If just one more shoe drops, it’s hard to imagine a scenario in which the conference survives. Whether another Four Corners university takes the leap this month or a surprise school like Cal, Stanford, Washington or Oregon makes the move, the Pac-12 does not appear long for this world.
And it deserves it. From failing to expand eastward to Texas and Oklahoma a dozen years ago to the ill-fated Pac-12 Network, from ridiculous efforts to tout successes of minor sports to the current lagging media rights negotiations, at every turn the league has languished. Spend untold millions on a league office doubling as a multimedia production hub in one of the most expensive zip codes in the country, no matter how absurd?
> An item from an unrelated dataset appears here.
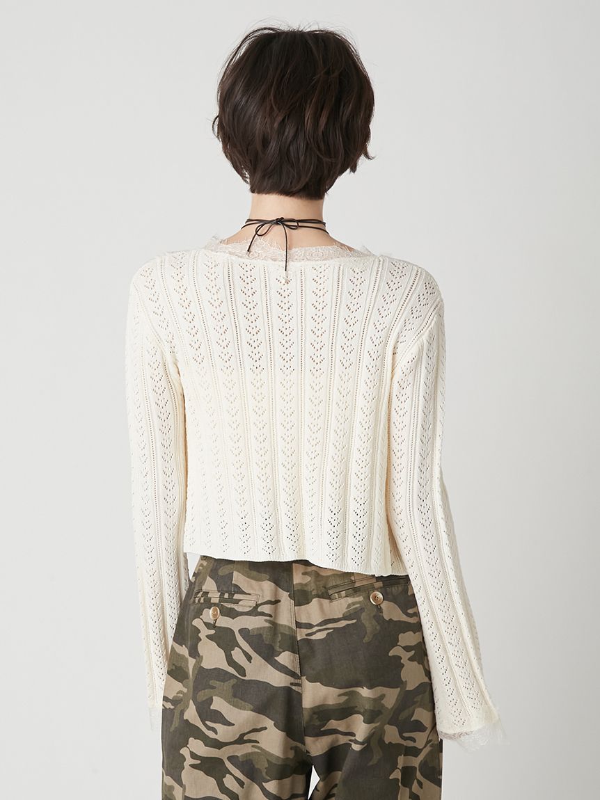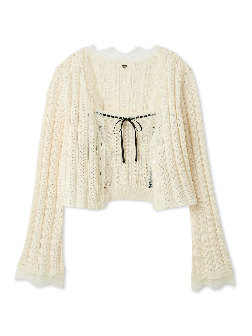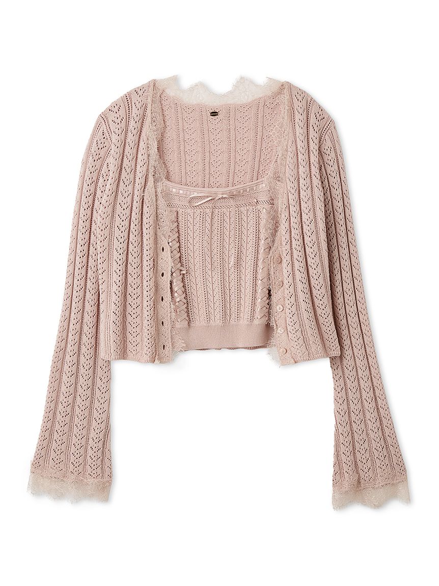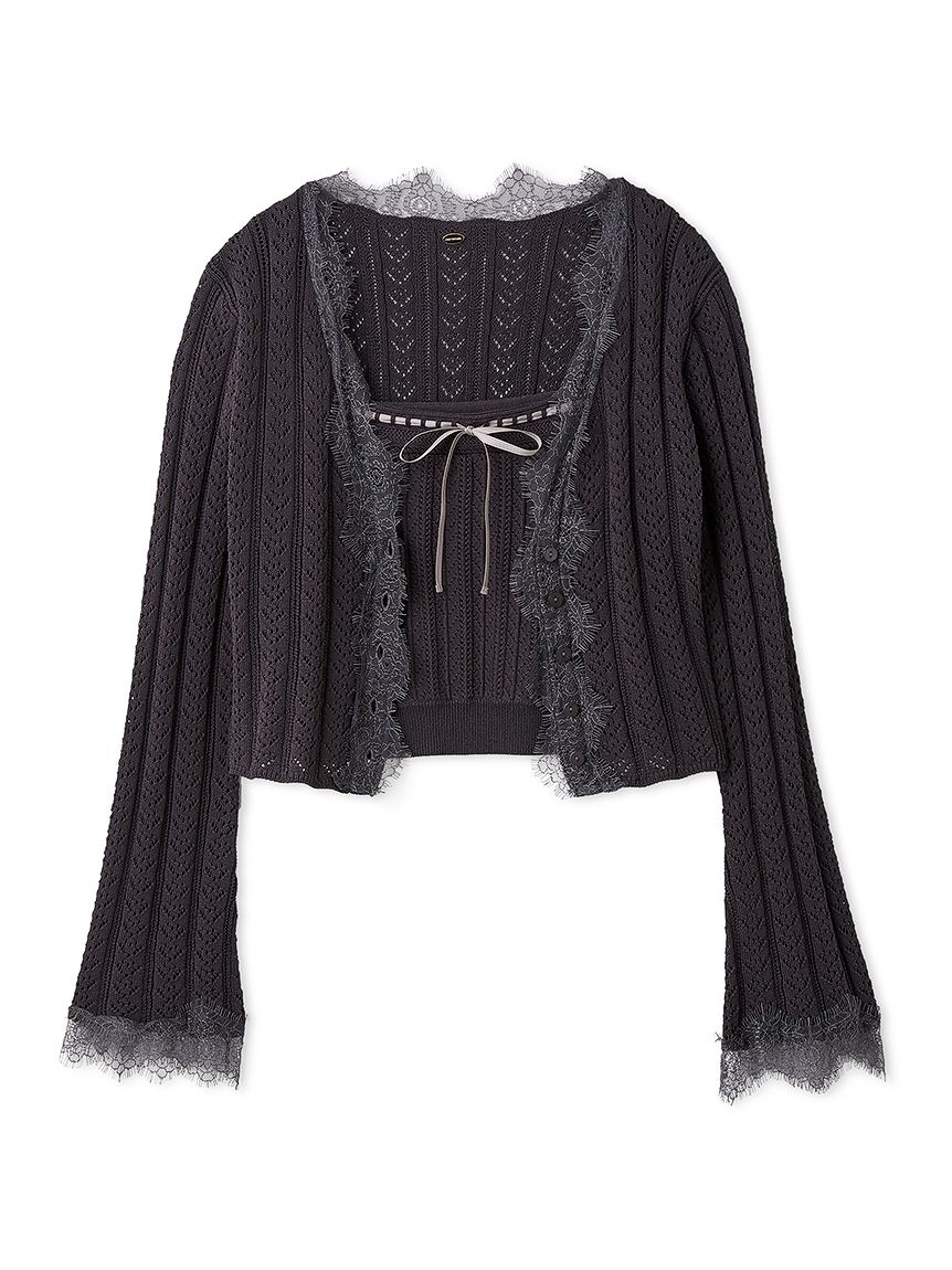 開襟針織外套以細緻鏤空編織,巧妙隱藏愛心圖案,領口與袖口點綴鬚邊蕾絲,增添浪漫氛圍。

Sure, why not.
There’s no pity here, not with billions at stake. But there is some sadness.
This all could have been avoided. Or could it?
Ten years might as well be a million when it comes to the current chaotic college sports landscape. In 2013, the New York Times published a detailed timeline of major college athletic conference expansion and included a line that stands out in hindsight.
“No college has left the SEC, the Pac-12 or the Big Ten for another conference in the modern era. Placement in these elite conferences virtually guarantees national exposure.”
It may be hard to remember those halcyon days, but in 2013, the Pac-12 was only a few years removed from a BCS football championship game appearance by Oregon — a 3-point loss to Cam Newton and Auburn in the 2011 title game, one of the most competitive in history — and still coming down from the highs of the Pete Carroll era at USC.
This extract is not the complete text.